See the class documentation for a full list of parameters.

## Development

### Running Tests

To run the tests, you'll need to install the development dependencies:

```bash
pip install pytest pytest-cov
```

Then run the tests with:

```bash
pytest --cov=adalasso adalasso/tests/
```

## Visualization Examples

### Regularization Path Comparison

The following figure shows how coefficients evolve with different regularization strengths for standard Lasso versus Adaptive Lasso:

![Adaptive Lasso Regularization Path](adaptive_lasso_regularization_path.png)

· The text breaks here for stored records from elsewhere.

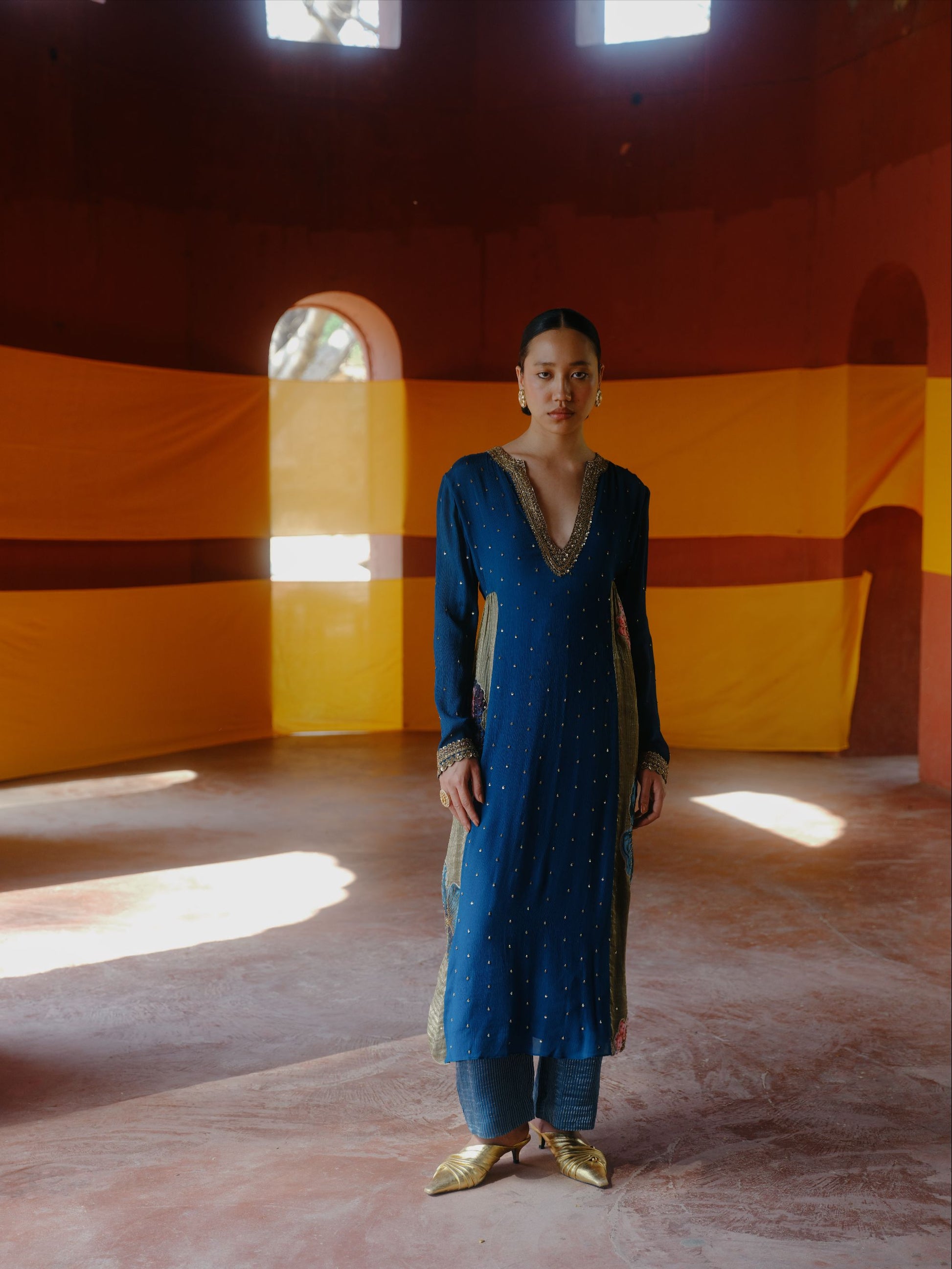 The Midnight Sage Kurta Set is an elegant ensemble in a striking cerulean blue, exuding sophistication and charm. The kurta features delicate detailing, accented with intricate hand embroidery and subtle embellishments that enhance its refined design. Offering both comfort and opulence, the Midnight Sage Kurta Set effortlessly blends timeless beauty with contemporary elegance for a truly captivating look.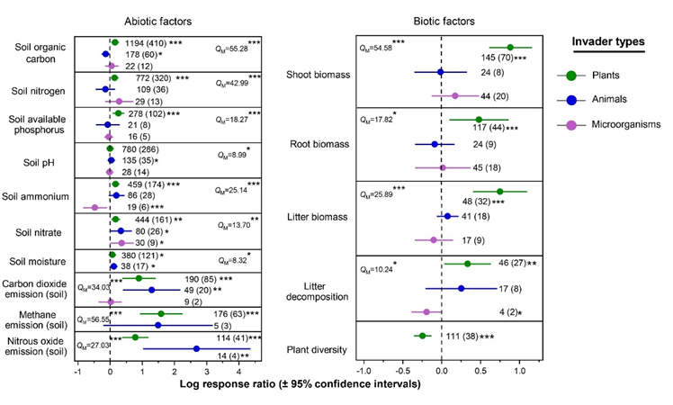 研究团队汇总分析了全球775项研究数据,涵盖超过2200个效应值,主要包括植物、动物、微生物这三类入侵者对15项关键生态系统属性的影响,最终构建了迄今为止最全面的“入侵生态影响数据库”。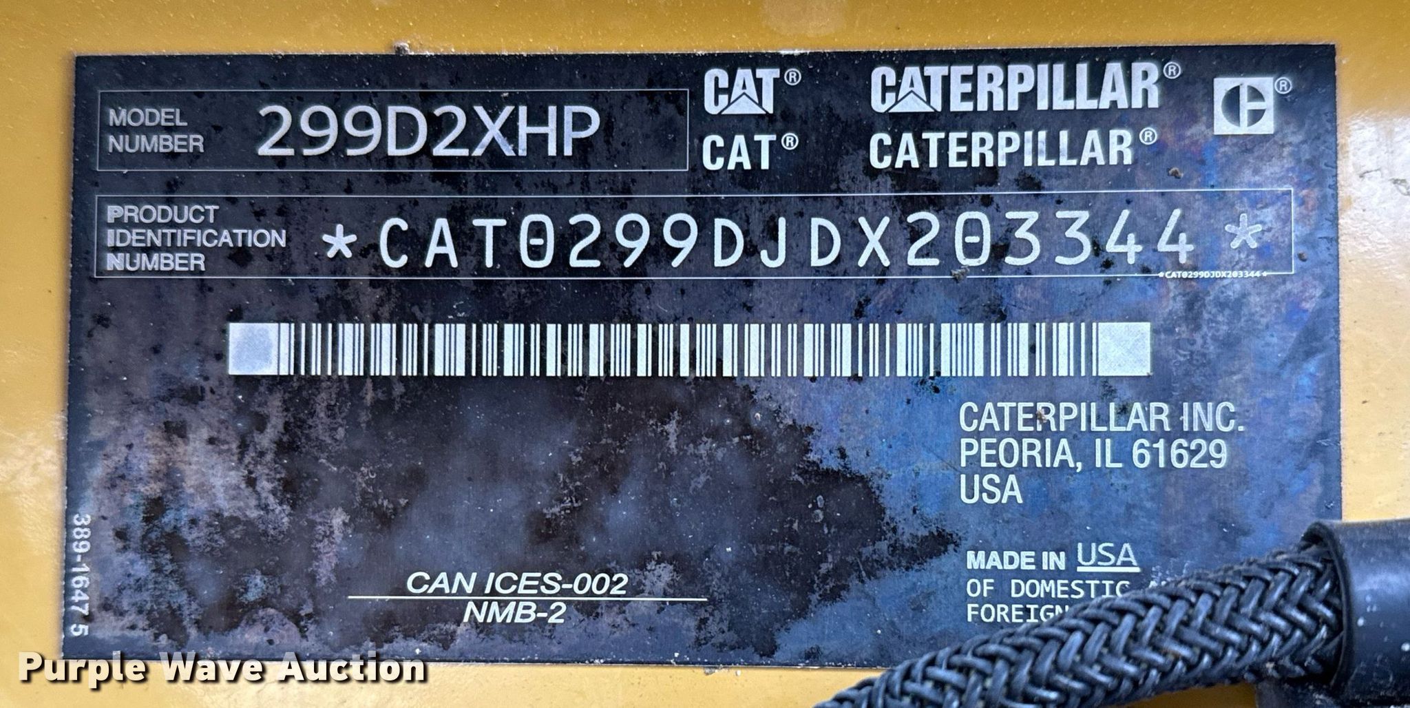 Purple Wave is selling a used Tracked Skid Steer Loader in Texas. This item is a 2018 Caterpillar 299D2 XHP tracked skid steer loader with the following: Hours: 1,902.7 on meter, Serial: CAT0299DJDX203344
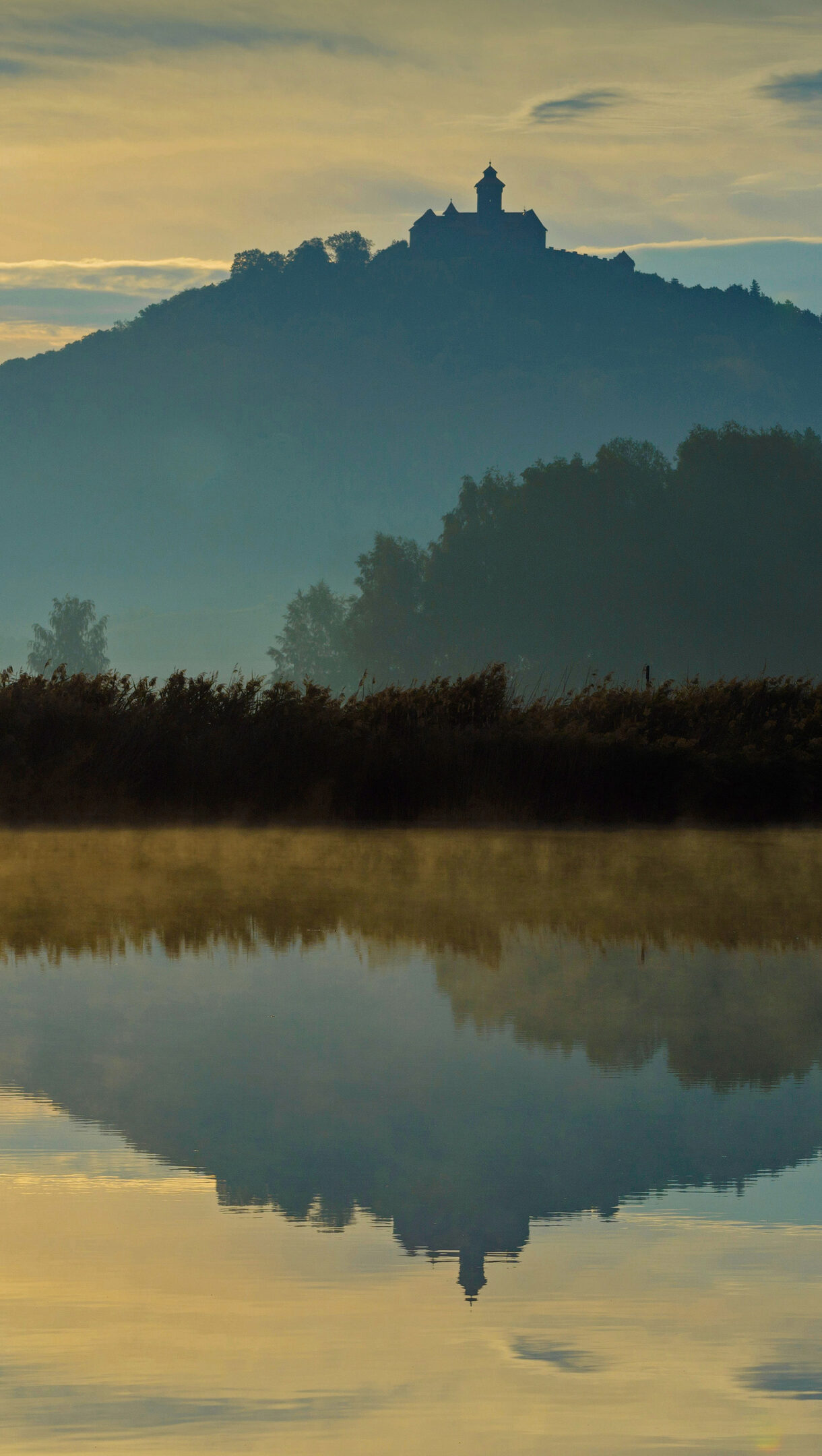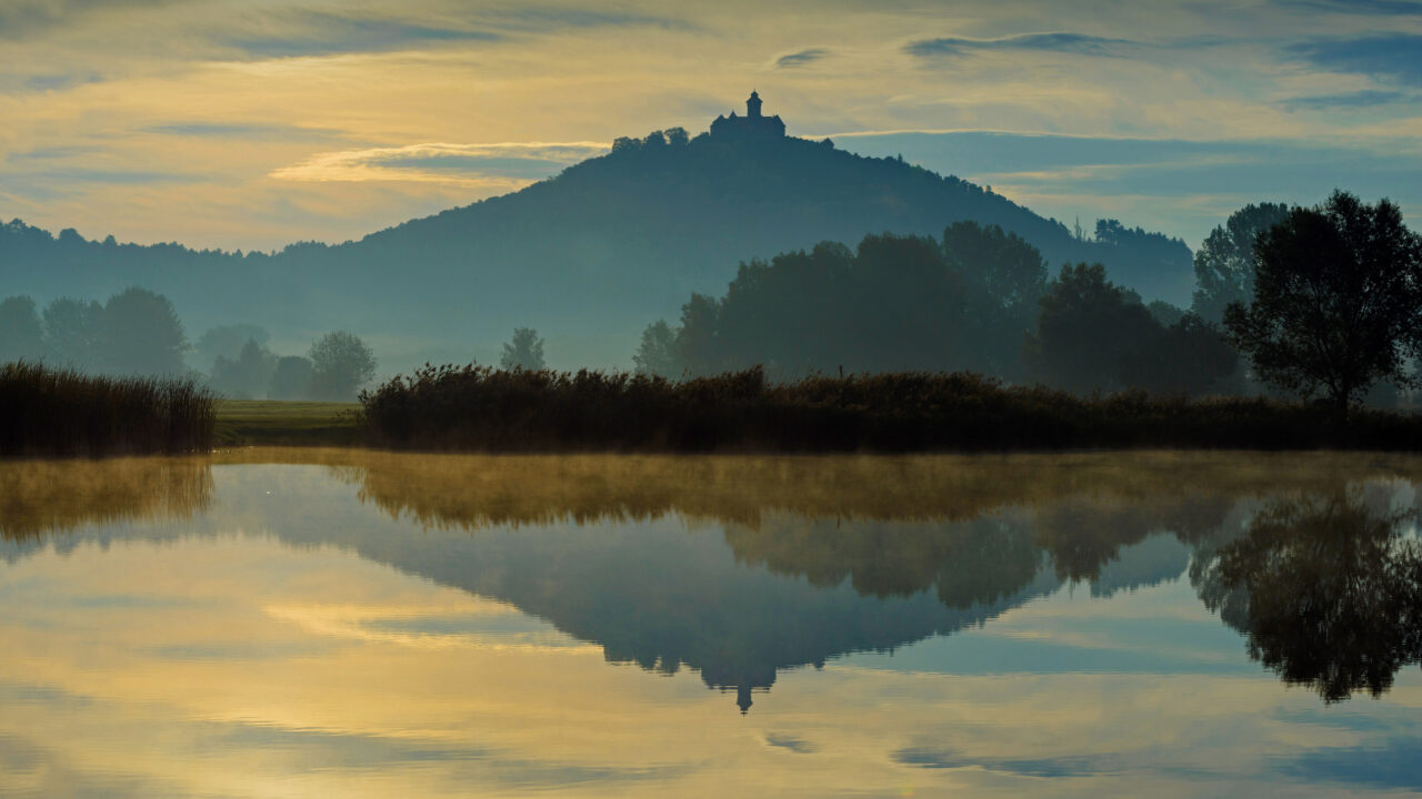 A serene 4K wallpaper captures Wachsenburg Castle in Erfurt, Germany, silhouetted atop a misty hill during a foggy morning, overlooking a calm lake. The castle's outline and the golden hues of the dawn sky are perfectly mirrored on the still lake, creating a tranquil and dreamlike atmosphere.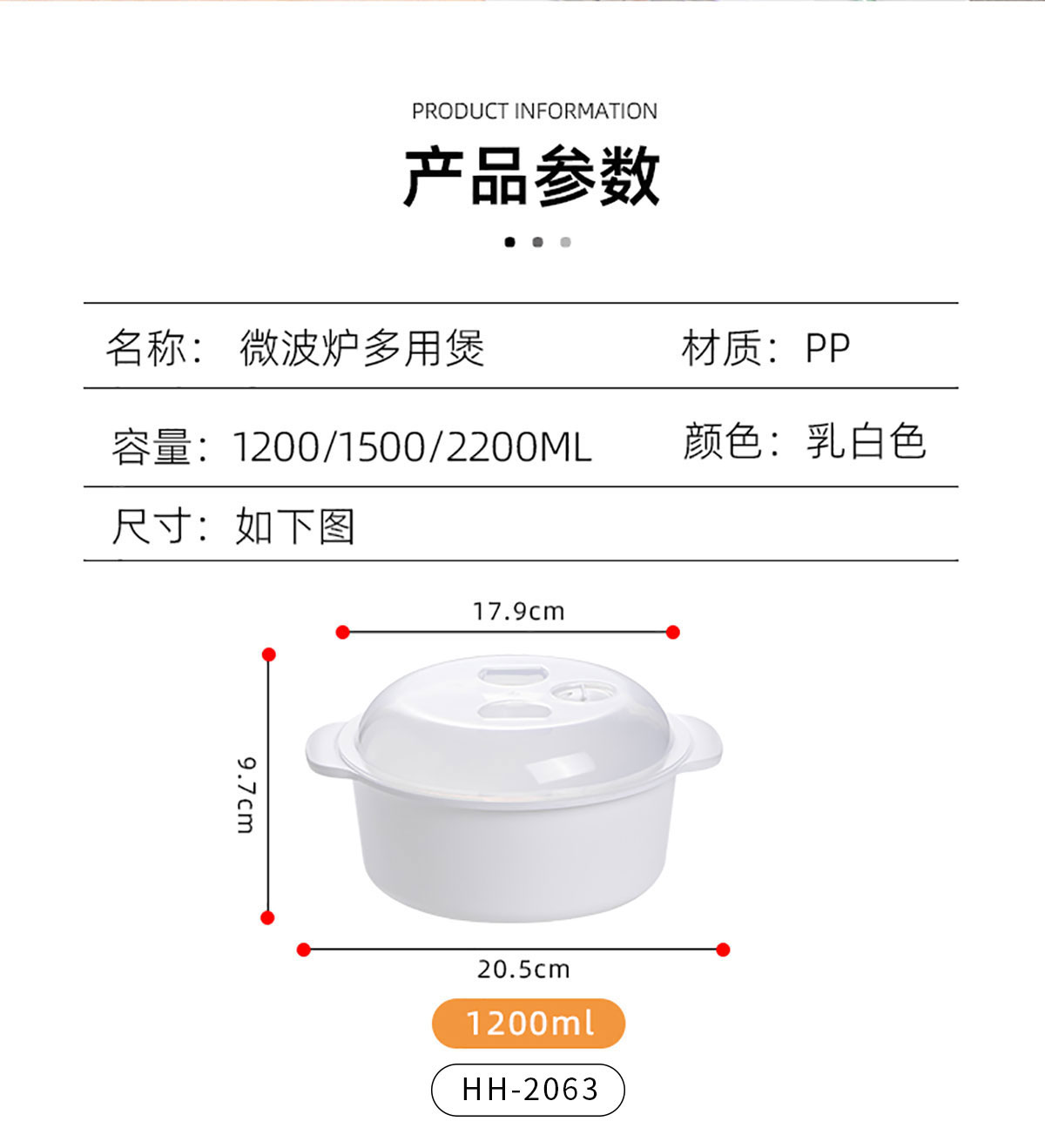 大號(hào)/中號(hào)/小號(hào)微波湯鍋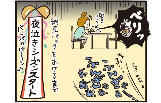 たまたま納豆のパックをあけた瞬間にまめが目覚めただけだったのか、本当に「ベリッ」というあの音で起きたのかは定かではありませんが(笑)、とにかく遂に、恐れていた「夜泣きシーズン」がスタート。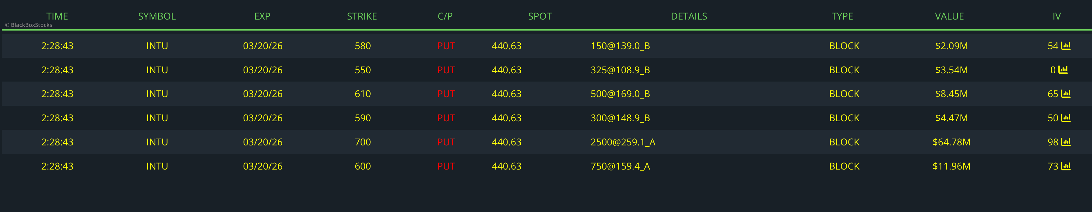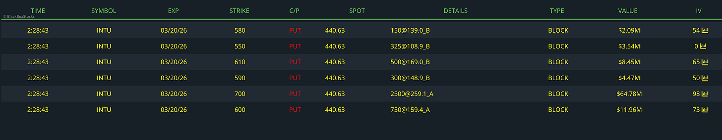This flow most likely represents a large institutional synthetic short or hedge on Intuit (INTU) using deep ITM puts. The trader aggressively bought the 700P (2500 contracts) and 600P (750 contracts) at the ask, which behaves almost like shorting stock because deep ITM puts have delta near –1. At the same time, the trader sold smaller amounts of 610P, 590P, 580P, and 550P at the bid, likely to partially finance the expensive deep-ITM purchases. The overall structure suggests a very large bearish positioning or portfolio hedge, likely by a fund protecting or offsetting a large INTU long, using options instead of directly shorting the stock.

### Feature Selection Performance

This figure demonstrates how Adaptive Lasso performs better at selecting the correct number of non-zero features across different regularization strengths:

![Feature Selection vs Regularization](adaptive_lasso_feature_count.png)

## References

- Zou, H. (2006). The adaptive lasso and its oracle properties. Journal of the American Statistical Association, 101(476), 1418-1429.